The wedding was lovely. The bride and groom were so in love that they glowed with it. The weather was beautiful - freezing but sunny and bright. My dress fit (and I was complimented) and I kept my shoes on for almost the whole night. All very positive. Lest I get carried away by the relative glamour of my dress and super high heels, I have to tell you that I bought a hat to try and keep warm. Reader, I looked startlingly like an Ewok (teddy bear creatures in Return of the Jedi). It was not the look I was going for but I can see me getting a lot of wear out of this hat. It covered up the scarlet stripes a treat! Actually, I did some concerted washing and managed to tone those right down. AND the hat also kept my ears warm. A useful wardrobe addition. Especially if I have to go to a Star Wars themed party any time soon.
I managed to tick off a few more wedding tasks which made me feel calmer. I'm even relatively upbeat about the fact that I feel ill and coming down with a cold (not flu I hope) as it must surely grant me immunity for the wedding.

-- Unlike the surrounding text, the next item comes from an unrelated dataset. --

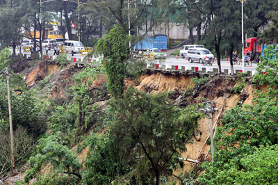 塌方的路基长200多米,从30多米高的路基上塌方滑落下去,形成的泥石流将该路段下方约2000平方米临时建筑冲垮,其中一间收垃圾的简易平房被泥石流埋住。有居民反映,道路的排水管道常有人随便倒淤泥,导致排水不畅,而暴雨则渗入路基泥土中,可能加剧导致了塌方并形成泥石流。(记者姚颢、实习生杨胜利)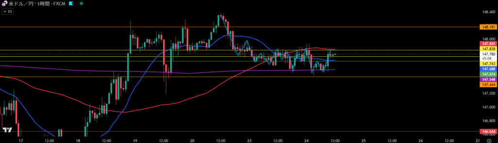 欧州~米国時間に1時間足反転から4時間足戻り売りを検討出来るが、直下には日足MAがあり下髭をつけて何度も反発しているのが1時間足から見えるので、静観し狙わない。

But it only takes a small thing to derail me. I got the photos from our 'engagement shoot' today. I look awful. I think if I hadn't got them at work I would have cried. I look stiff which is only my own fault as I was so anxious at the time - maybe now I've seen the worst I'll be able to relax. Maybe booze will help. Maybe the wedding atmosphere will help. But I want to throw away everything I wore on that day - it was actually a shock to see how bad I looked. P is fed up with what he sees as my moroseness and negativity - and I've put on a positive act for him! - we had a quarrel about it.
Really I am only just keeping a grip to not pitch headfirst into self-loathing. It's not our photographers' fault; as I said to them, 'you can't make a silk purse out of a sow's ear'. Their technique was great - I can see that, save the subject, they are good pics. They sent me 3 photos on email at work and I hated one with a frenzy, one was okay of me but not P and the third was not too bad (I just look lined and haggard). Then the disc arrived tonight with an additional 5 - they were mostly worse (although the one I hated is still in the bottom two). And they took loads on the actual afternoon - it's terrifying to think what the others were like. I must be vainer than I thought - I must think I look better than I really do. Or think that getting married would sprinkle shimmery magic dust on me. I looked lined, dumpy and fat with piggy suspicious little eyes. And roots (but that I can fix).
Trying to 'reframe' this: now I know the worst, it won't be such a shock after the wedding. And I don't need nice photos to have a good time - all that really matters is marrying P; I'll look as good as I can and not let my hopes of what I might have been spoil our day.